* _The task_:
Write out a word-for-word repetition of the lines that come before the line containing "and government/academic sources." in the listing below, along with that line itself, omitting pictures.

───── Data ─────

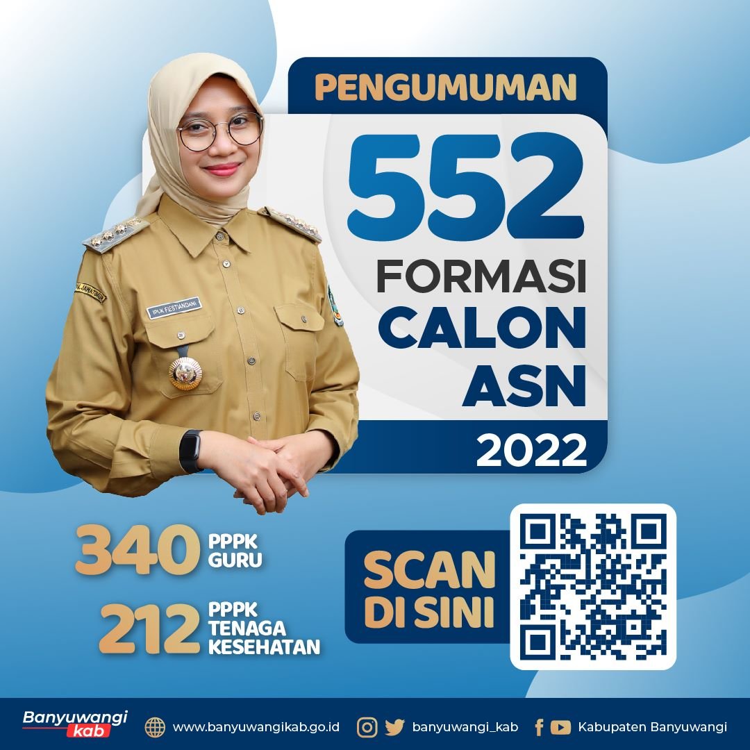 “Kami telah menerima petunjuk teknis penerimaan seleksi PPPK 2022. Kali ini Banyuwangi mendapat kuota 552 formasi. Terdiri dari 340 formasi guru dan 212 tenaga kesehatan” kata Bupati Banyuwangi, Ipuk Fiestiandani
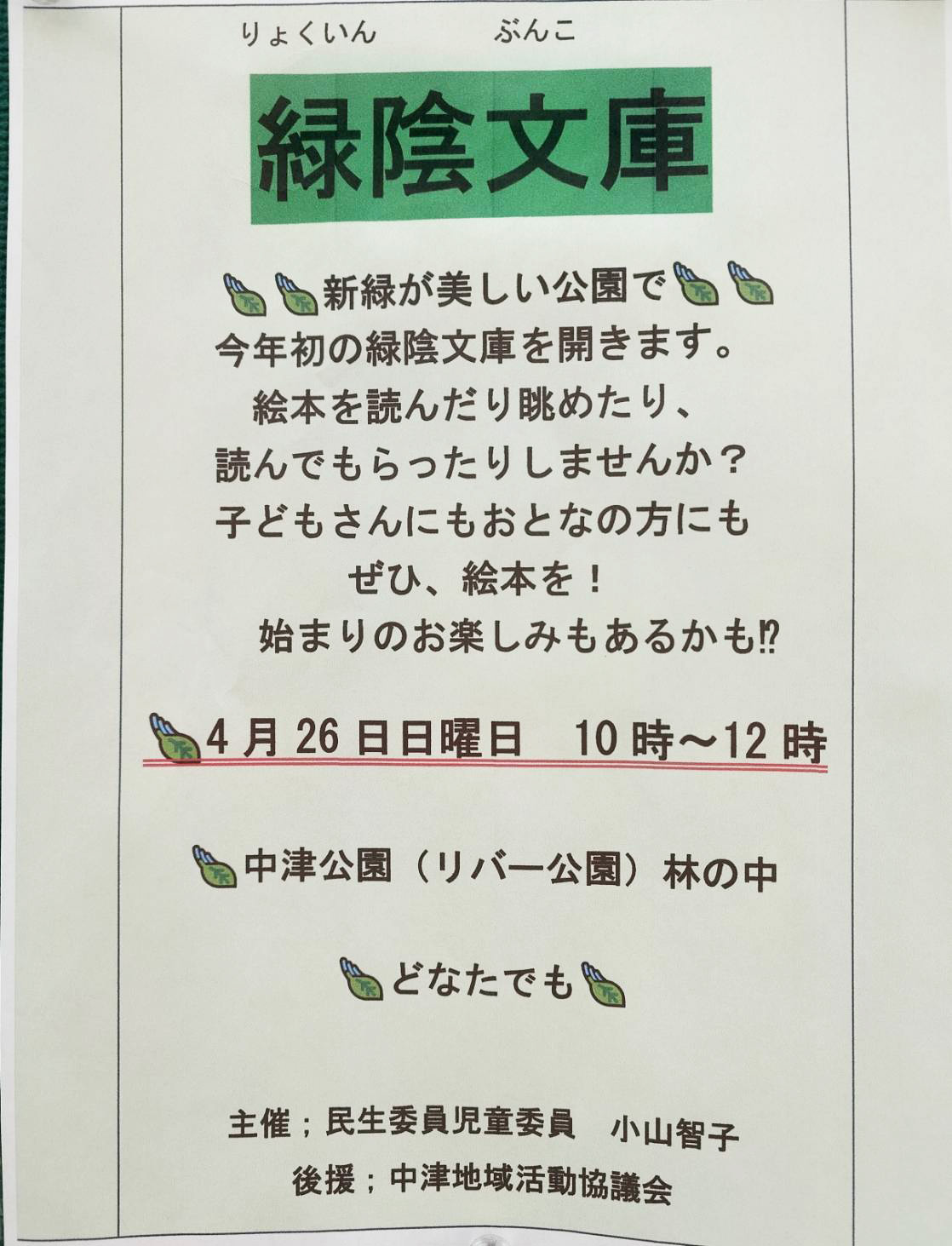 中津公園の木立ちの中で、ゆっくり絵本を読みませんか?
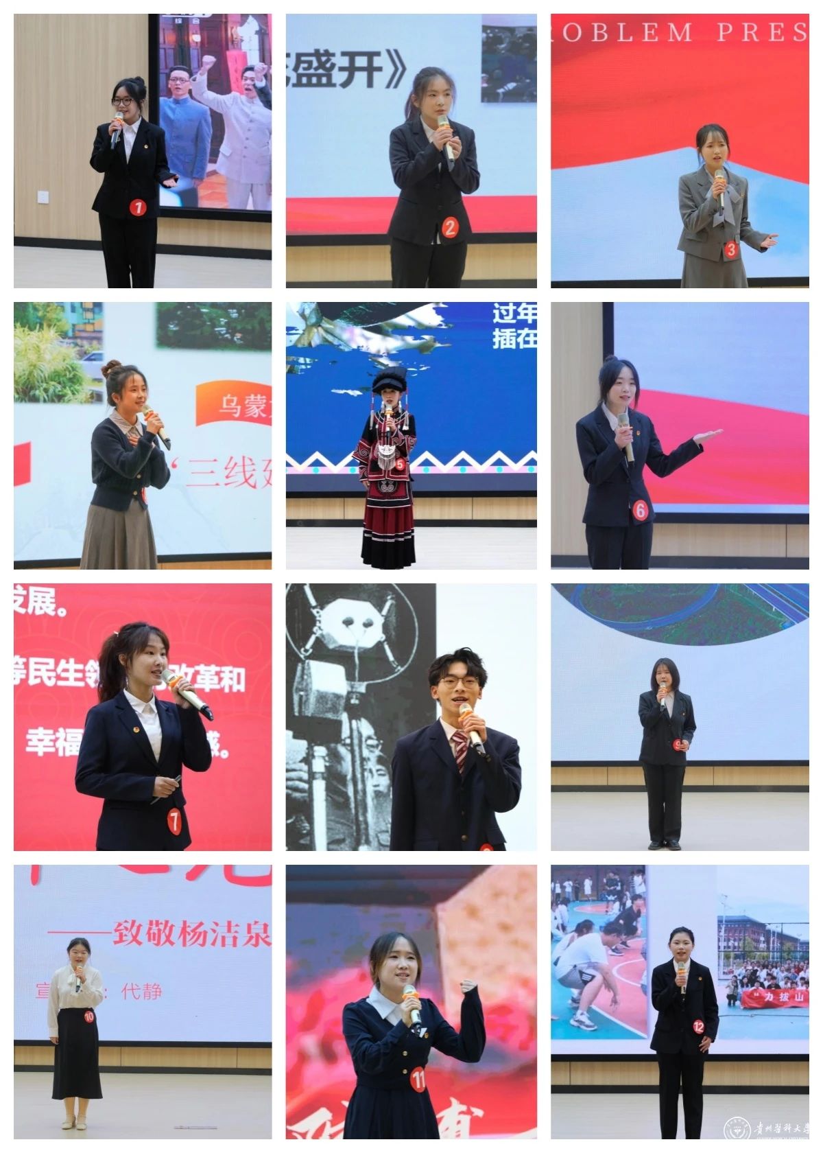 本次活动得到了广大学生的积极响应,通过自主报名、学院推荐、初赛、复赛,12名选手从100余名初赛选手中脱颖而出入围决赛。比赛现场,来自各学院的选手们围绕党的二十届三中全会精神、习近平总书记在贵州考察时的重要指示精神和铸牢中华民族共同体意识等内容带来了一场情感真挚、状态饱满、催人奋进的青年宣讲。
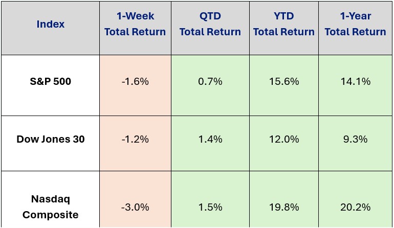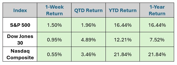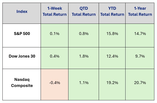 *The data for the total returns of the S&P 500, Dow Jones 30, and NASDAQ Composite are compiled and published by several financial news outlets, index providers, and government/academic sources.
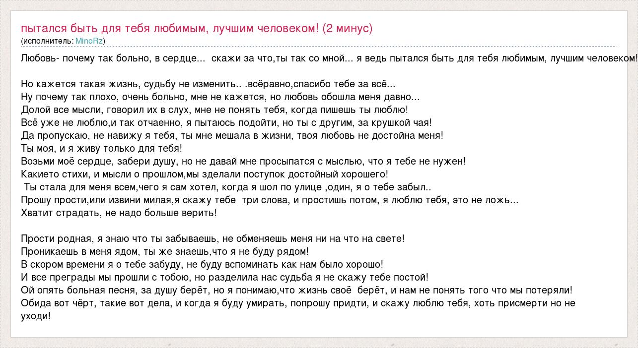 Любовь- почему так больно, в сердце... скажи за что,ты так со мной... я ведь пытался быть для тебя любимым, лучшим человеком! Но кажется такая жизнь, судьбу не изменить.. .всёравно,спасибо тебе за всё... Ну почему так плохо, очень больно, мне не кажется, но любовь обошла меня давно... Долой все мысли, говорил их в слух, мне не понять тебя, когда пишешь ты люблю! Всё уже не люблю,и так отчаенно, я пытаюсь подойти, но ты с другим, за крушкой чая! Да пропускаю, не навижу я тебя, ты мне мешала в жизни, твоя любовь не достойна меня! Ты моя, и я живу только для тебя! Возьми моё сердце, забери душу, но не давай мне просыпатся с мыслью, что я тебе не нужен! Какието стихи, и мысли о прошлом,мы зделали поступок достойный хорошего! Ты стала для меня всем,чего я сам хотел, когда я шол по улице ,один, я о тебе забыл.. Прошу прости,или извини милая,я скажу тебе три слова, и простишь потом, я люблю тебя, это не ложь... Хватит страдать, не надо больше верить! Прости родная, я знаю что ты забываешь, не обменяешь меня ни на что на свете! Проникаешь в меня ядом, ты же знаешь,что я не буду рядом! В скором времени я о тебе забуду, не буду вспоминать как нам было хорошо! И все преграды мы прошли с тобою, но разделила нас судьба я не скажу тебе постой! Ой опять больная песня, за душу берёт, но я понимаю,что жизнь своё берёт, и нам не понять того что мы потеряли! Обида вот чёрт, такие вот дела, и когда я буду умирать, попрошу придти, и скажу люблю тебя, хоть присмерти но не уходи!
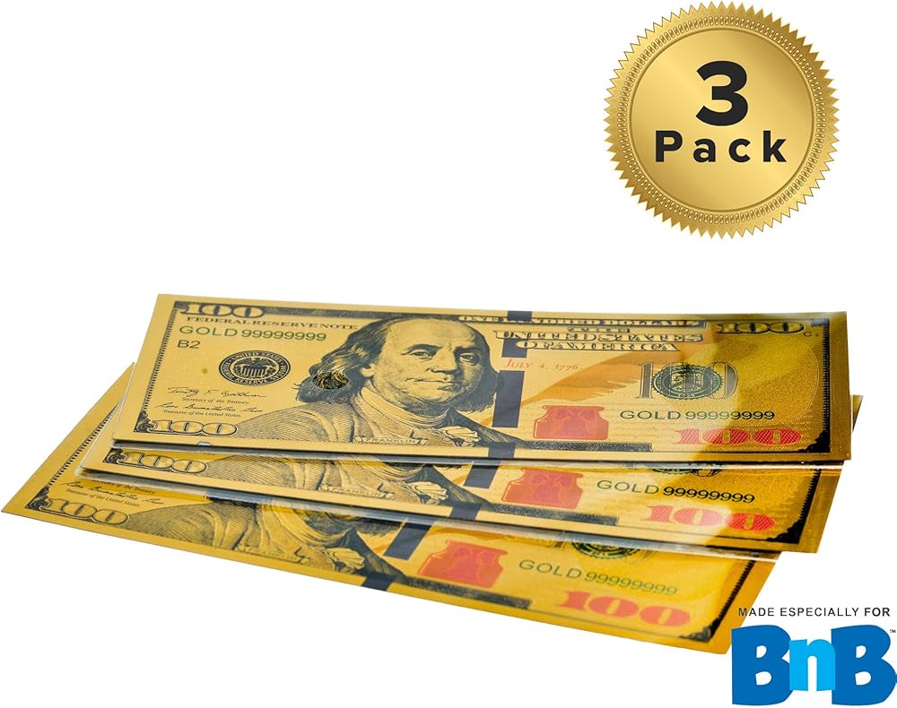 3 علامات مرجعية ممتازة للفواتير الذهبية بقيمة 100 دولار - علامة كتاب سميكة عالية الجودة لتعزيز القراءة بتصميم مذكرة بنكية بقيمة مائة دولار أمريكي - جائزة رائعة للفصول الدراسية ونوادي الكتب والمكتبات (3 عبوات)
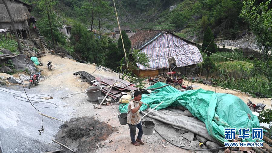 大化瑤族自治縣雅龍鄉(xiāng)勝利村群眾在建設(shè)水柜(2019年6月6日攝)。新華社記者張愛林攝
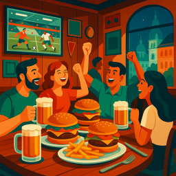 * ピーターは友達と一緒にChampions Sports Bar & Restaurant Wienでディナーを楽しめます!
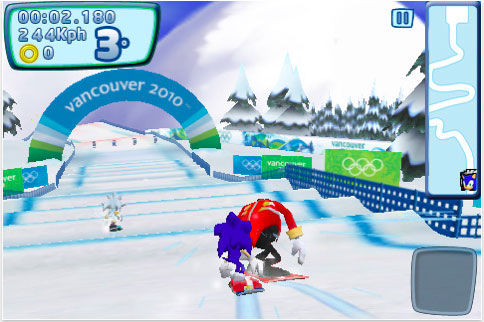 Tutti personaggi più famosi dell’universo Sega tornano su iPhone e touch per una serie di sfide alle discipline olimpiche invernali. Oltre a Sonic il giocatore può scegliere di controllare Tails, Knuckles, Amy Shadow, Metal Sonic e molti altri: in totale il gioco offre 10 personaggi Sega e 4 discipline sportive. Oltre alla gara di snowboard nella specialità del boardercross possiamo cimentarci nel pattinaggio di figura in cui per danzare al ritmo della musica occorre eseguire vari tap con il dito al centro delle figure geometriche che si formano sullo schermo, anche queste a ritmo di musica: per completare l’opera ed eseguire le acrobazie più complesse occorre poi eseguire delle gesture speciali su schermo.
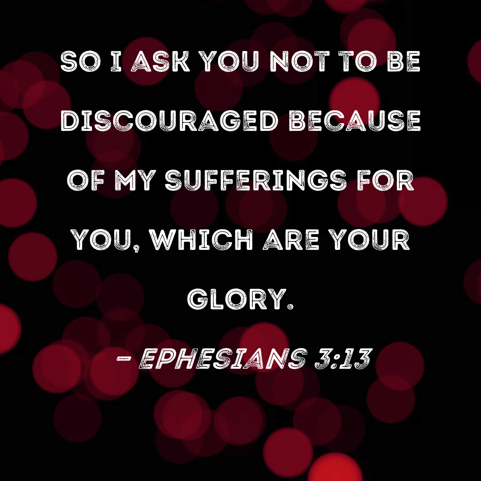 Ephesians 3:13 So I ask you not to be discouraged because of my sufferings for you, which are your glory.
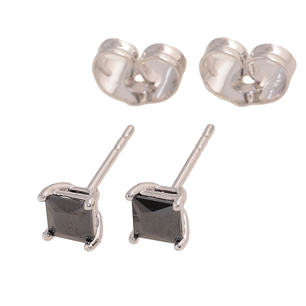 Сережки Xuping колір Родій пусети "Чорні кристали" 4х4мм

─────

* _Expected output_:
 “Kami telah menerima petunjuk teknis penerimaan seleksi PPPK 2022. Kali ini Banyuwangi mendapat kuota 552 formasi. Terdiri dari 340 formasi guru dan 212 tenaga kesehatan” kata Bupati Banyuwangi, Ipuk Fiestiandani
 中津公園の木立ちの中で、ゆっくり絵本を読みませんか?
 本次活动得到了广大学生的积极响应,通过自主报名、学院推荐、初赛、复赛,12名选手从100余名初赛选手中脱颖而出入围决赛。比赛现场,来自各学院的选手们围绕党的二十届三中全会精神、习近平总书记在贵州考察时的重要指示精神和铸牢中华民族共同体意识等内容带来了一场情感真挚、状态饱满、催人奋进的青年宣讲。
 *The data for the total returns of the S&P 500, Dow Jones 30, and NASDAQ Composite are compiled and published by several financial news outlets, index providers, and government/academic sources.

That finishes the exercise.